When the new first family moves into the White House, they'll be joined by Michelle Obama's mother.

And, while President-elect Barack Obama and Marian Robinson seem to get along very well, CBS News correspondent Senior White House Correspondent Bill Plante notes that extended presidential families living at 1600 Pennsylvania Avenue have ruffled some feathers in the past.

It used to be fairly common for presidents to have brothers, sisters, and other extended family members take up residence with them in Washington, Plante points out.

Robinson won't be the first presidential mother-in-law to call the executive mansion home.

Madge Wallace, President Truman's mother-in-law lived there and was infamous for constantly nagging her powerful son-in-law.

"Madge Wallace never really cared for Harry Truman," says presidential historian Douglas Brinkley. "She thought, if he made it to the White House, it was only because her daughter, Bess, was so good and yet, there she was, living in the White House, and he was forced to endure her."

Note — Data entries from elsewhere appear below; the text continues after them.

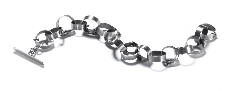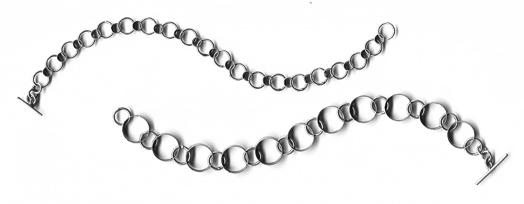 DOTS $240-sterling silver bracelet with sanding disk texture on the flat circles (7 1/4" long)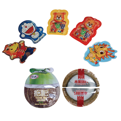 適用范圍:本機能夠制造出獨特的異型包裝袋,適合于食品(糖果、果仁、小餅干等)、飲料(果汁、果凍等)和粉類(雞精)的包裝。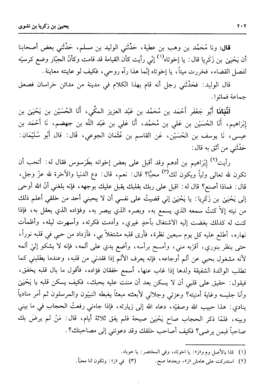قال ونا محمد بن وهب بن عطية حدثني الوليد بن مسلم حدثني بعض أصحابنا أن يحيى بن زكريا قال يا إخوتاه (1) إني رأيت كأن القيامة قد قامت وكأن الجبار وضع كرسيه لفصل القضاء فخررت ميتا يا إخوتاه إنما هذا رآه روحي فكيف لو عاينته معاينة قال الوليد فحدثني رجل أنه قام بهذا الكلام في مدينة من مدائن خراسان فصعق جماعة فماتوا أنبأنا أبو جعفر أحمد بن محمد بن عبد العزيز المكي أنا الحسين بن يحيى بن إبراهيم أنا الحسين بن علي بن محمد أنا على بن عبد الله بن جهضم نا أحمد بن عيسى نا يوسف بن الحسين عن القاسم بن عثمان الجوعي قال قال أبو سليمان حدثني من أثق به قال رأيت (2) ابراهيم بن أدهم وقد أقبل على بعض إخوانه بطرسوس فقال له أتحب أن تكون لله تعالى وليا ويكون لك (3) محبا قال نعم قال دع الدنيا والآخرة لله عز وجل قال فماذا أصنع قال له اقبل على ربك بقلبك يقبل عليك بوجهه فإنه بلغني أن الله أوحى إلى يحيى بن زكريا يا يحيى إني قضيت على نفسي أن لا يحبني أحد من خلقي أعلم ذلك من نيته إلا كنت سمعه الذي يسمع به وبصره الذي يبصر به وفؤاده الذي يعقل به فإذا كنت له كذلك بغضت إليه الاشتغال بأحد غيري وأدمت فكرته وأسهرت ليله وأظمأت نهاره أطلع عليه كل يوم سبعين نظرة فأرى قلبه مشتغلا بي فأزداد من حبي في قلبه نورا حتى ينظر بنوري أقربه مني وأمسح برأسه وأضع يدي على ألمه فإنه لا يشكو إلي ألمه لأنه مشغول بحبي عن ألم أوجاعه فإنه يعرف الألم إذا فقدني من قلبه وعندما يطلبني كما تطلب الوالدة الشفيقة ولدها إذا غاب عنها أسمع خفقان فؤاده فأقول ما بال قلبه يخفق فيقول حقيق على قلبي أن لا يسكن بعد أن مننت عليه بحبك فكيف يسكن قلبه يا يحيى وأنا جليسه وغاية أمنيته وعزتي وجلالي لأبعثنه مبعثا يغبطه النبيون والمرسلون ثم أمر مناديا ينادي هذا حبيب الله وصفيه دعاه الله إلى زيارته فإذا جاءني رفعت الحجاب فيما بيني وبينه فلما ذكر الحجاب صاح يحيى صيحة فلم يفق ثلاثة أيام قال من لم يرض بك صاحبا فبمن يرضى فكيف أصاحب خلقك وقد دعوتني إلى مصاحبتك

Then there are the live-in presidential brothers who behaved badly, from beer swilling Billy Carter to convicted cocaine dealer Roger Clinton. And then there was Sam Johnson, who was kept at the White house by his brother, Lyndon, to keep Sam out of trouble.

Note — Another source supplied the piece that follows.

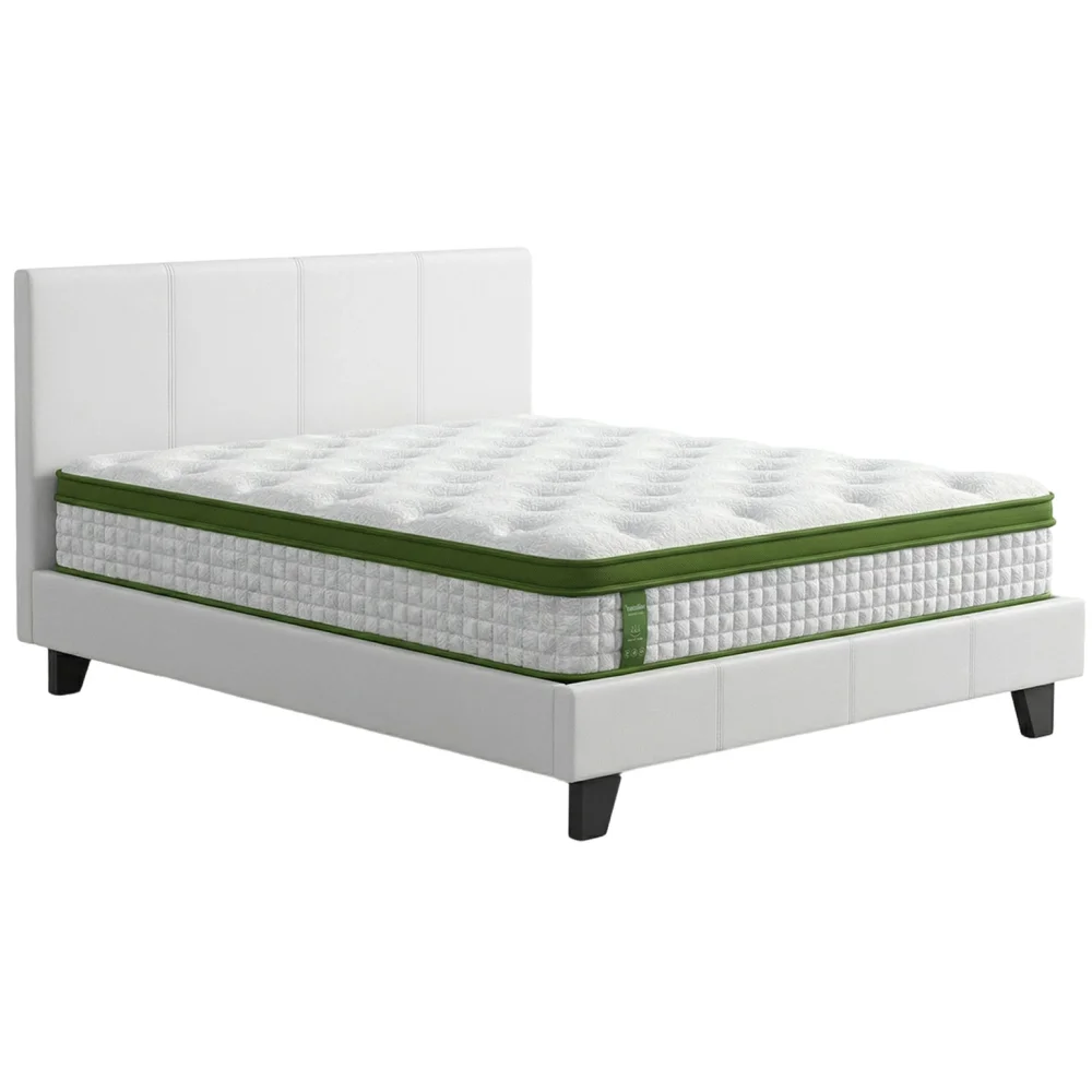 Bedstory Artiss Double Bed Frame in White PVC Leather with Padded Headboard & Hybrid Pocket Coil Mattress, Medium Firm

"As (Sam) would enter the gates on the South Lawn coming back (to the White House), he would hold his hands up as if manacled, to show he was going back into the prison," says another presidential historian, Bonnie Angelo. "They were happy to have him stay at the White House so they could keep an eye on him."

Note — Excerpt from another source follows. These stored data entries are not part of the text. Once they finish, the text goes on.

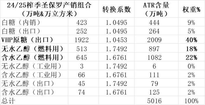 数据来源:Consecana大地期货研究院 9种最终产品根据其各自产销量赋权,由于糖和乙醇单位不同,因此需要通过转换系数将产品各自的产销量转换成统一的ATR含量,再根据其各自的ATR含量占比计算加权权重。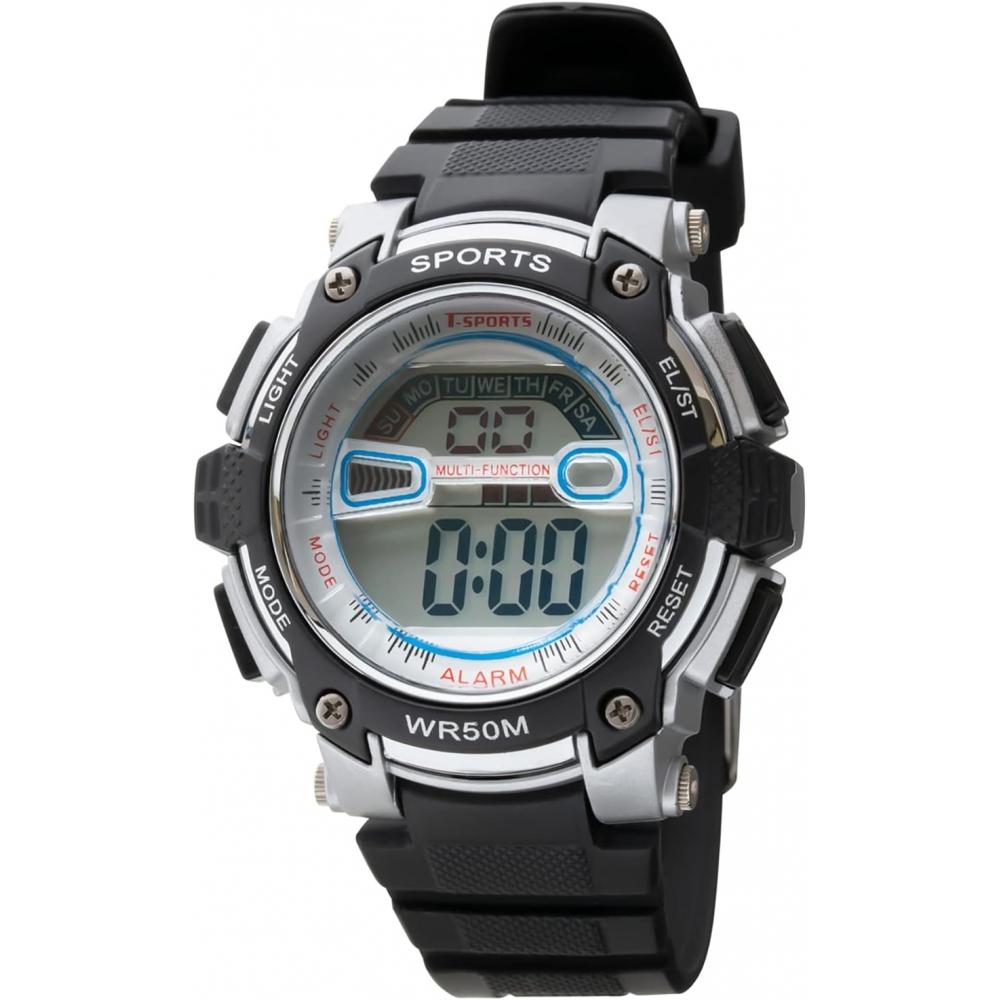 The CREPHA (Crepha) Digital T-Sports Watch model TS-D155-SV is a men's sports watch that combines functionality and design. This product allows easy operation of various features such as a stopwatch, timer, and lighting through four buttons. With its waterproof feature (5 ATM), issues regarding impacts and water in daily life are alleviated. The urethane strap is soft and flexible, enhancing wearability, and is widely used as a diver's watch due to its outstanding durability.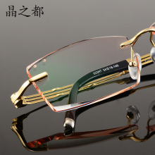 私人定制新款无框镜水晶 钻石切边工艺眼镜 男钛宽边镜框 大脸方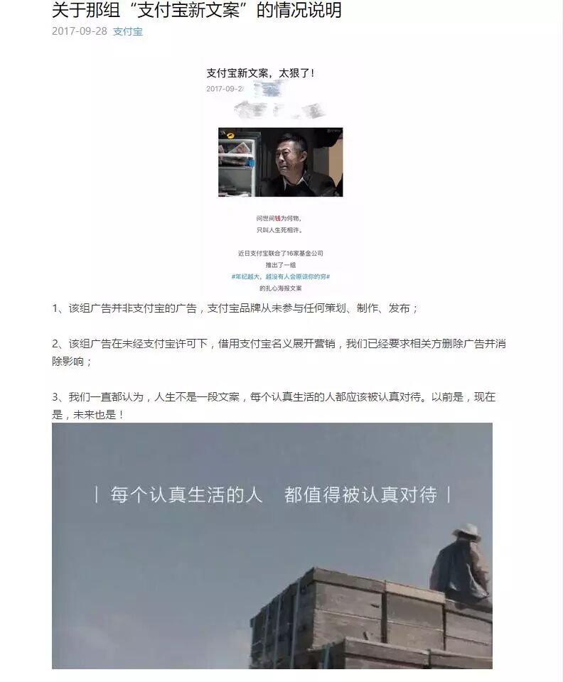 从以往的营销推广中也可以感受到,支付宝似乎离不开“大而全”的品牌形象。而例如去年的“白领日记” 、扎心海报文案,这种“出格”的行为引起用户反对声音后,阿里的后续反应可以说是非常迅速果断。支付宝的战略地位如此重要,出了问题只能“弃卒保帅”。有错认了,挨打站好。好在这种快速跟进的公关行为在同行的承托下,往往能拉拢不少用户的好感。

As for presidential children, we all remember the cute family snapshots of Caroline Kennedy and her brother, John-John. But when those presidential kids are teenagers, like Jenna Bush, daughter of the current president, the photos aren't always flattering. Take, for instance, a salute she once gave the press -- sticking her tongue out. And some first kids, such as Amy Carter, never seemed to enjoy being cooped up in the White House, perhaps, Plante speculated with tongue palnted firmly in cheek, because she was too young to hang out with her hip older brother, Chip.

"Chip was deeply into the rock 'n' roll culture," says Brinkley. "He was friends with Hunter Thompson. He had dated Linda Ronstadt, and Willie Nelson got into the White House via Chip and got to smoke pot on the roof (there).

Once, Plante says, President Ford's son, Jack, was almost caught "entertaining" a date in a White House bedroom as his mother was giving Barbara Walters a tour.

"Suddenly," says Angelou, "he heard the recognizable voice, not only of his mother, but of Barbara Walters ... so he did some fast scrambling to take care of whatever he did with that young lady so she was not discovered!"

All-in-all, says Brinkley, presidents, like the rest of us, don't really have a say in choosing their families: "Extended families are a bit of a problem for a president. They have enough keeping their own game in order without trying to shepherd in all the black sheep in the family. On the other hand, they wouldn't be human if they didn't have extended family."

And, Plante concludes, as the old saying goes, you can pick a lot of things, but you can't pick your family. Still, the Obama family arrangement seems to be OK -- pretty much "no drama," as he prefers. By all indications, he gets along really well with his mother-in-law, and his children are too young to embarass him!